About this exercise: Below are the records; give again exactly the lines from the one containing "だいすきなねこのお話しです。 ゆうえんちの絵をがんばって描きました。 ねこたちがいろいろなところへおでかけするおはなしです。" through the one containing "Hedi̇yeli̇ Di̇ji̇tal Göstergeli̇", leaving out pictures.

Data in this exercise:
--- START ---

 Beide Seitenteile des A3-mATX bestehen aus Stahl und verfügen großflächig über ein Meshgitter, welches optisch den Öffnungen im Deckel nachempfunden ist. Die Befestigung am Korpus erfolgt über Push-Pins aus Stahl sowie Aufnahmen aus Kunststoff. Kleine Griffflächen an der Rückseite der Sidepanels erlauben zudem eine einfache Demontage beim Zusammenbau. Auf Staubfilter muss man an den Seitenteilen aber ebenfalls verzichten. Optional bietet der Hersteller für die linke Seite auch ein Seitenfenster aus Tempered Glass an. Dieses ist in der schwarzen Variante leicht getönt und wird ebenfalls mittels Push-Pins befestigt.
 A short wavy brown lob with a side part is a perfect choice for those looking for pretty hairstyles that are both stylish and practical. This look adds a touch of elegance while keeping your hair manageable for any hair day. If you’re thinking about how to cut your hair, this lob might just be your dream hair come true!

--- END ---
--- START ---

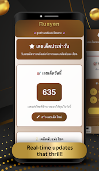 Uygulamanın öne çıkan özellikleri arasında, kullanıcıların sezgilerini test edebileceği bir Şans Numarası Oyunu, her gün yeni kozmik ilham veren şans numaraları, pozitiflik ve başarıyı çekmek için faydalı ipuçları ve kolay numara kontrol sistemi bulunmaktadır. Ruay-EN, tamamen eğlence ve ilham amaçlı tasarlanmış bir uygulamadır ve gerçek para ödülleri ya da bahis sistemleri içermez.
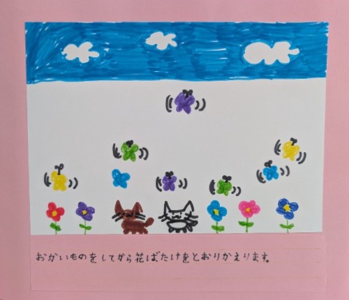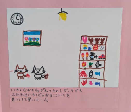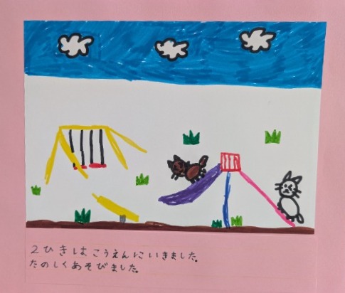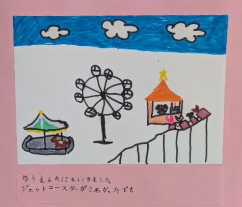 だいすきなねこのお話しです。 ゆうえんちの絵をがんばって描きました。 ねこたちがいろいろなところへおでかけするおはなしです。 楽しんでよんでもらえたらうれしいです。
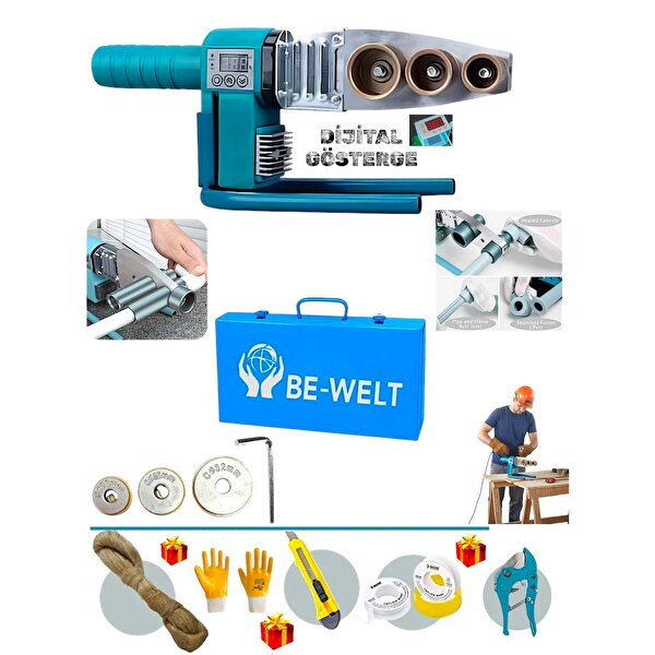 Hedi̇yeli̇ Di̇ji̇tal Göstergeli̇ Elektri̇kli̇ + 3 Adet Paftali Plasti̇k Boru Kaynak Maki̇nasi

--- END ---
--- START ---

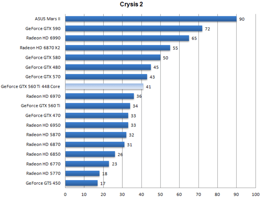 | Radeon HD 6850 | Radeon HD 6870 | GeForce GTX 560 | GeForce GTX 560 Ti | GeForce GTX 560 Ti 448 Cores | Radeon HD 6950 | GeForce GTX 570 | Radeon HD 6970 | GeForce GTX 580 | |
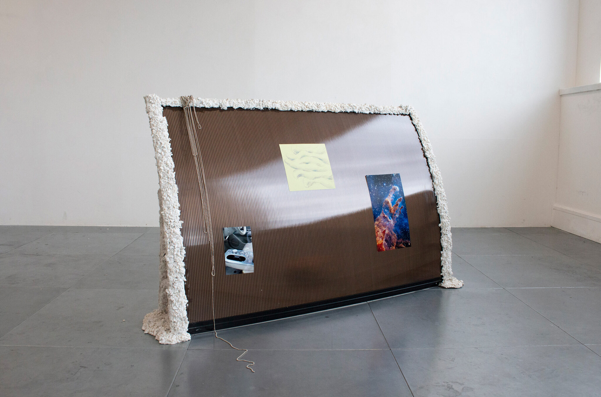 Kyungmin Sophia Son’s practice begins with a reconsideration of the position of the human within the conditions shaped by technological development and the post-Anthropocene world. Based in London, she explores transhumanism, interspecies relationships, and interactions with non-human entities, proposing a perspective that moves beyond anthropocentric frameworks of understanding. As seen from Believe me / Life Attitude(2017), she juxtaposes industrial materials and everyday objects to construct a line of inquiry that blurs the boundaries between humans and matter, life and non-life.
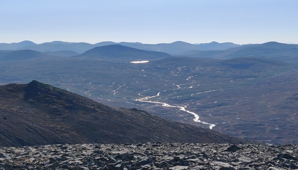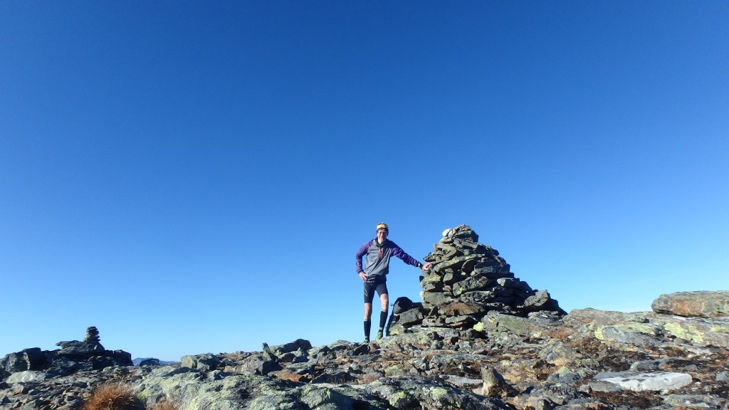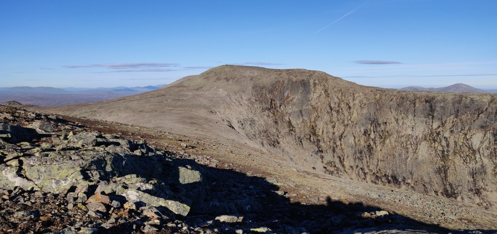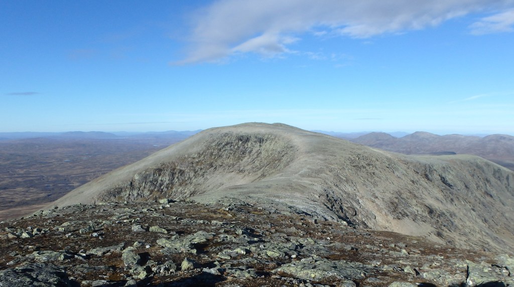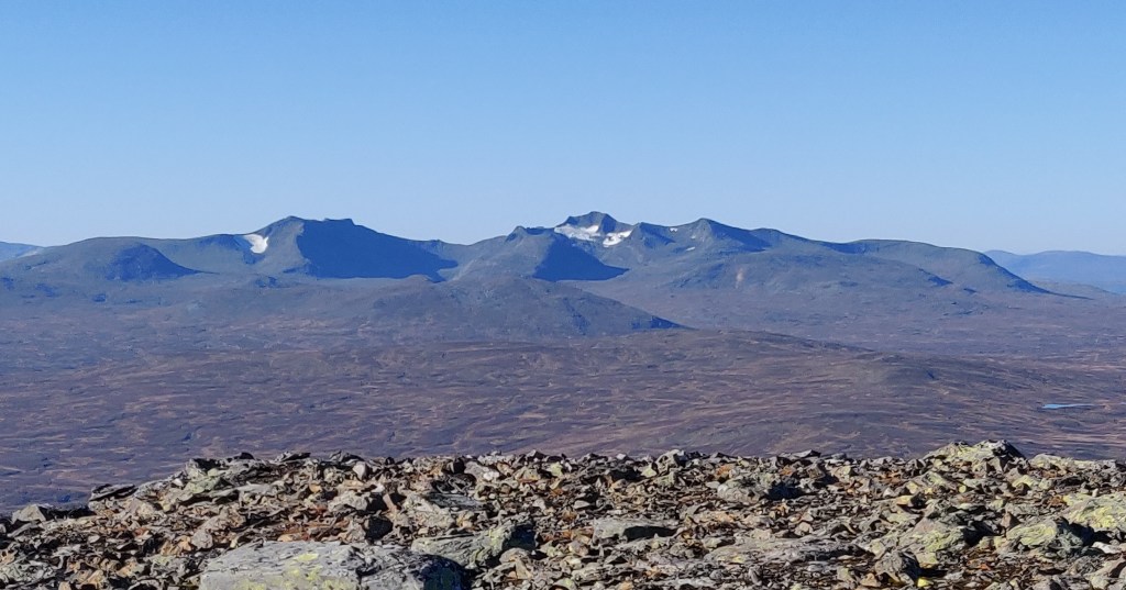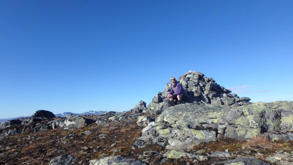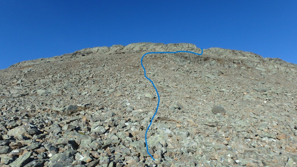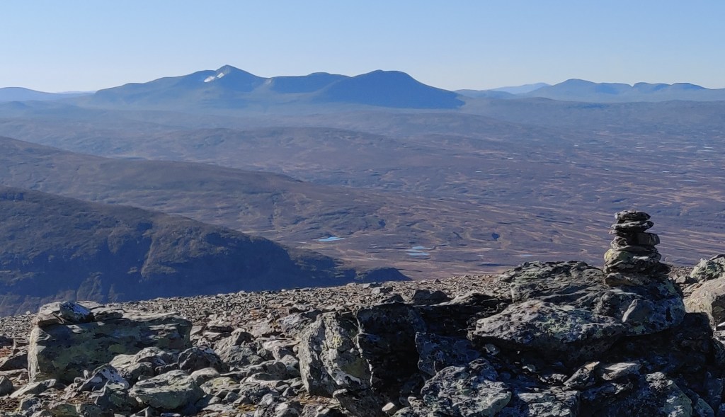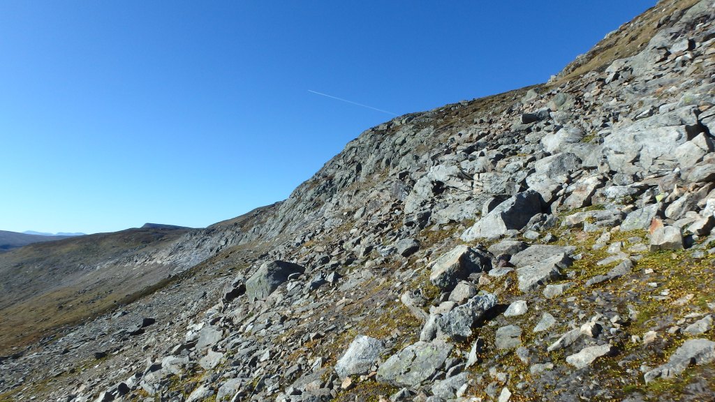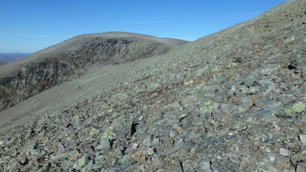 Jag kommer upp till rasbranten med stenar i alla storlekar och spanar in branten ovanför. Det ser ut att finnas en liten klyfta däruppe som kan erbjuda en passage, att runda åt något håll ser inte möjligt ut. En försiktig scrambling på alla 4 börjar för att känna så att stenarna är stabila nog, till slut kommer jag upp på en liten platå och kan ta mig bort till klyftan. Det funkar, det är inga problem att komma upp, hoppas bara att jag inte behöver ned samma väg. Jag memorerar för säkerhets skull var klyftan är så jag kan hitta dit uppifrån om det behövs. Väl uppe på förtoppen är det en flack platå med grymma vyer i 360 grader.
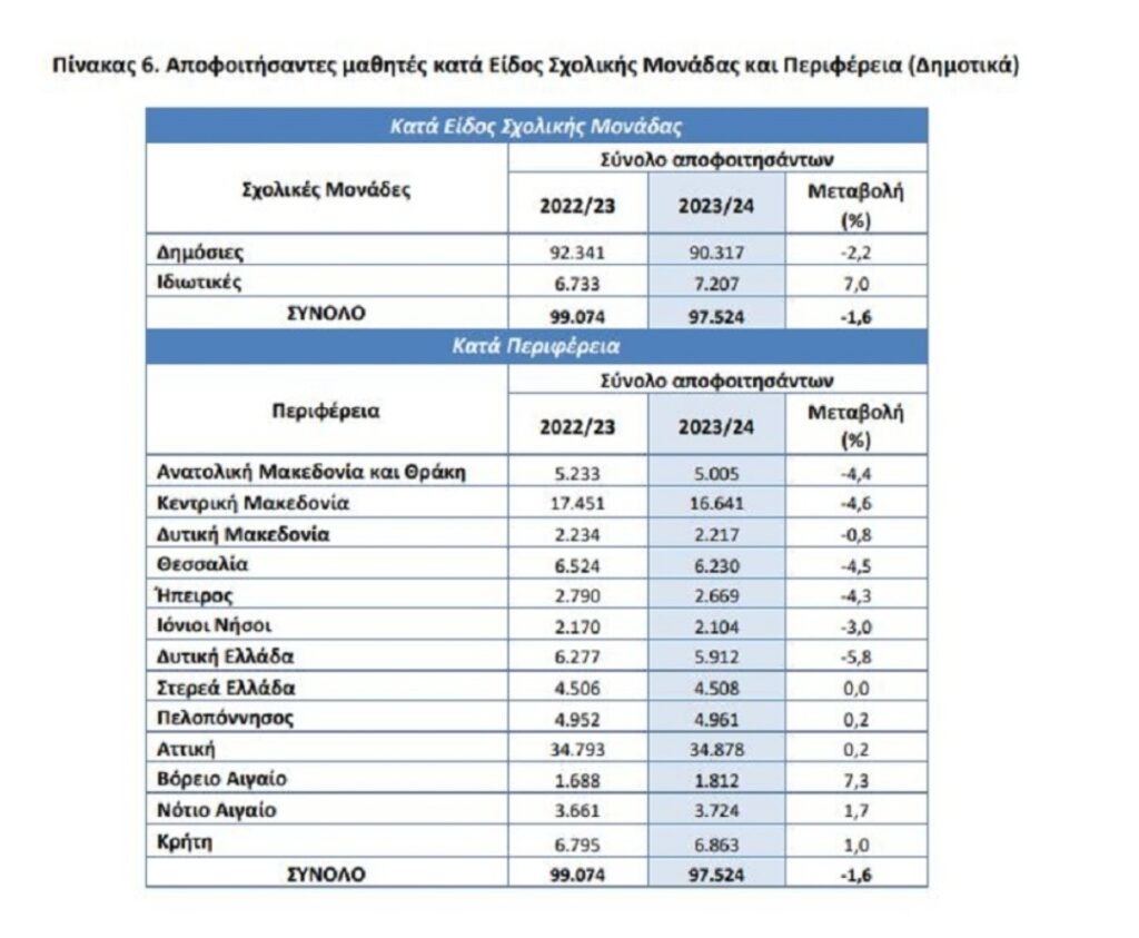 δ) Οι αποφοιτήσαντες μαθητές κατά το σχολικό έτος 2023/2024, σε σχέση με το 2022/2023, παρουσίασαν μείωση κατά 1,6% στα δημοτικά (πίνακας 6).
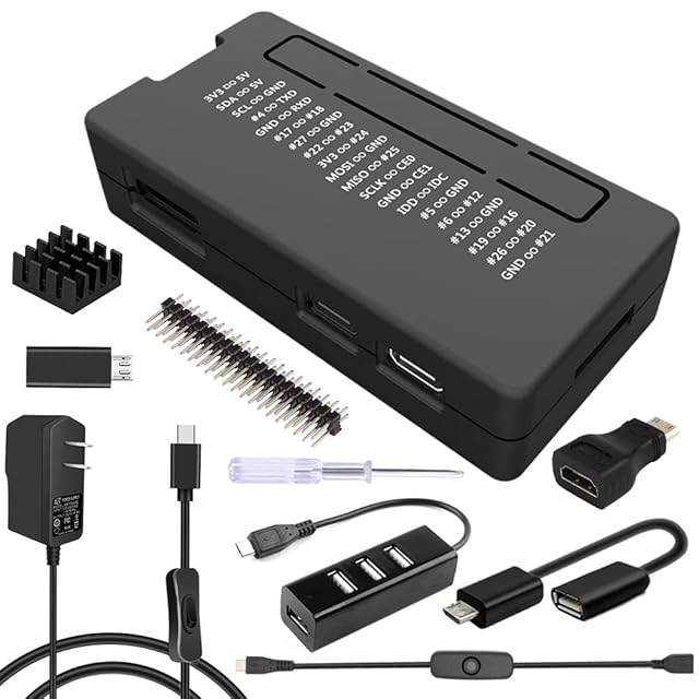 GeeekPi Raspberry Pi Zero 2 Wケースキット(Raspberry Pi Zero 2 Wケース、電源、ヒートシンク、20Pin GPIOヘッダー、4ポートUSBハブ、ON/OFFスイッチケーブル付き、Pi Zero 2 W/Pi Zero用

--- END ---

The completed task:
 だいすきなねこのお話しです。 ゆうえんちの絵をがんばって描きました。 ねこたちがいろいろなところへおでかけするおはなしです。 楽しんでよんでもらえたらうれしいです。
 Hedi̇yeli̇ Di̇ji̇tal Göstergeli̇ Elektri̇kli̇ + 3 Adet Paftali Plasti̇k Boru Kaynak Maki̇nasi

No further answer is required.